Lieutenant Krantz pointed toward Laon. His officer's whistle squealed. "Come on!" he yelled. "Not far now! Follow me!"

An officer who said that made his troops want to do it. All the same, the infantrymen hesitated. That rattling clatter out of the east, getting louder now…"Panzers!" Willi said in delight. "Our panzers!" He hadn't seen many of them.

These two little Panzer Is were no more than mobile machine-gun nests. Better than a poke in the eye with a carrot, though. Both panzer commanders stood up in their turrets. They waved to the foot soldiers, who returned the compliment. "Come with us," one of the men in black coveralls shouted over engine noise. "Keep the French pigdogs away."

"And you keep them away from us," Lieutenant Krantz said. The panzer commander who'd spoken before nodded. Everybody needed help now and then.

Willi loped along to the left of the panzers.

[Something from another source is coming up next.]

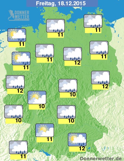 Am Freitag ist es im äußeren Süden zunächst oft aufgelockert oder stark bewölkt und weitgehend trocken, im übrigen Land halten sich zumeist dichte Wolken und es fällt immer wieder Regen. Im Tagesverlauf ziehen auch im Alpenvorland Regenwolken auf, während die Niederschläge vom Westen Deutschlands her wieder abklingen und es nachfolgend auch gebietsweise auflockert. Bis zum Abend regnet es nur noch am Alpenrand, sowie im äußeren Osten des Landes. Vor allem im Norden bleibt es jedoch meist trüb. Die Temperatur steigt auf 10 Grad in Unterfranken und bis 12 Grad am Niederrhein.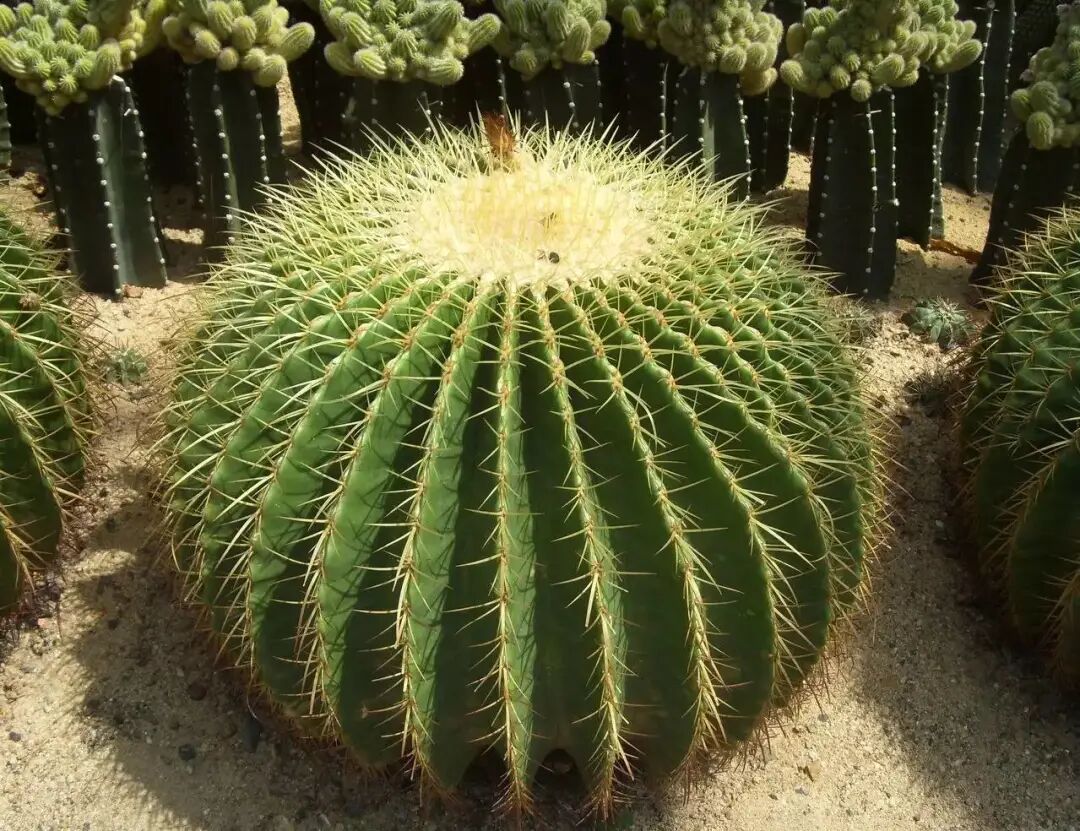 Jinhu cactus is a more attractive representative of cactus. The sphere is round and green, with hard golden thorns on it. Generally, Jinhu cactus can grow to about one meter, and the top of the sphere will have golden fluff, which is domineering and beautiful, and it is convenient to cultivate.

A French machine gun fired at them, which was stupid. Its bullets couldn't hurt them. One of the panzers crushed the sandbagged position, turning back and forth and round and round on top of it to make sure nothing in there survived.

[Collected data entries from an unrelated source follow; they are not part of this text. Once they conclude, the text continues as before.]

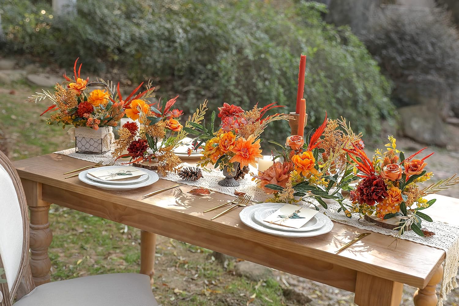 - Flower Details:Orange and red dahlia flowers x3 pcs(assorted sizes); Orange rose x7 pcs(assorted sizes);Orange Peony x2 pcs(assorted sizes);Gradient color Hydrangea x3 pcs(assorted sizes);Hydrangea branchx3 pcs;Orchid Branchesx5 pcs;Other vanilla berry branches x2pcs;Red berriesx2pcs;green leaves x43pcs;Flower wired stemsx35pcs;(About 11.8 inches)(Attached Ribbon and hot melt accessories)
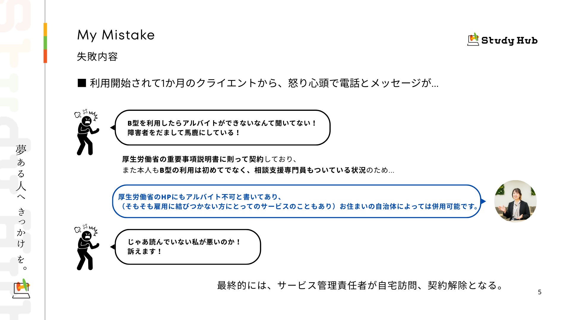 Study Hub 支援員 木内 理沙は、「本当に欲しているものはなにか? ~情報は正しいだけでは価値がない~」をテーマに、実際の支援現場での失敗事例、その後の支援への改善策を発表しました。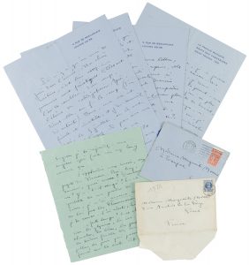 COLETTE (1873-1954). 4 L.A.S. « Colette », Paris et Saint-Tropez mars-décembre 1928, à Marguerite MORENO ; 12 pages in-4, la plupart sur papier bleu à ses adresses, et une carte oblong in-12, enveloppes.

Then a rifle of a sort Willi hadn't heard before went off-a big boom that would have set anyone's teeth on edge. What followed wasn't the ping of a ricochet, either. That round punched clear on through the baby panzer's thin frontal armor. The machine kept going in a straight line till it rammed a big oak and stopped. Driver's hit, Willi realized. German had antitank rifles, too, but you didn't expect to run up against one right after you'd finally picked up some armor.

War wasn't what you expected. It was what you got. What the surviving panzer got was out of there. Its crew knew that antitank rifle could do for them, too. And it did. Two rounds into the engine compartment turned the panzer into an immobile machine-gun nest. "We go on regardless," Lieutenant Krantz declared. Willi was still willing to advance. Able? He'd just have to see.

Vaclav Jezek sprawled behind a chunk of chimney that a shell hit had detached from a nearby house. He chambered another round in his antitank rifle and waited. The crew of that disabled Panzer I wouldn't stay inside long. A hit from any kind of artillery would mangle them and torch them at the same time. A couple of more hits from the antitank rifle might set the tank on fire.

Sure enough, the commander clambered out of the turret. The Czech was ready. Despite a muzzle brake and a padded stock, the antitank rifle slammed his shoulder when he pulled the trigger. He'd already seen that, although these 13mm armor-piercing rounds weren't designed to kill mere human beings, they did one hell of a job. The German in black coveralls never knew what hit him. He tumbled off the tank and lay still.

The driver was sneakier, or maybe smarter. He scuttled out and kept the tank's carcass between him and Jezek till he bolted for some trees. Jezek shot at him, too, but missed. "Shit!" he said in disgust.

Sergeant Halevy had dug himself a foxhole a few meters away, and fronted it with bricks and stones from the ruined house. "Don't get yourself in an uproar," he said. "You did what you were supposed to do. Neither one of those tanks'll bother us any more."

"Fuck it," Vaclav said. "I should have finished the other cocksucker, too."

"You can't kill all of them by yourself," the Jew said. "Remember, you've got to leave some for me."

"Heh," Jezek said. Before the shooting started, he'd had doubts about how well Jews would fight. Yeah, Hitler was giving them a hard time, but they were still Jews, weren't they? Once they had rifles in their hands, they seemed to do just fine.

"You'd better dig in," Halevy said. "If the tanks couldn't do for us, they'll see how the artillery works."

Without raising his head, Vaclav pulled the entrenching tool off his belt and started scraping out a foxhole of his own. Halevy knew how the Germans operated, all right. Even now, some junior officer with a radio or a field telephone was probably talking to his regimental HQ, telling the gunners at which map square the trouble lay. Fifteen minutes of 105 fire ought to soften things up, he'd say.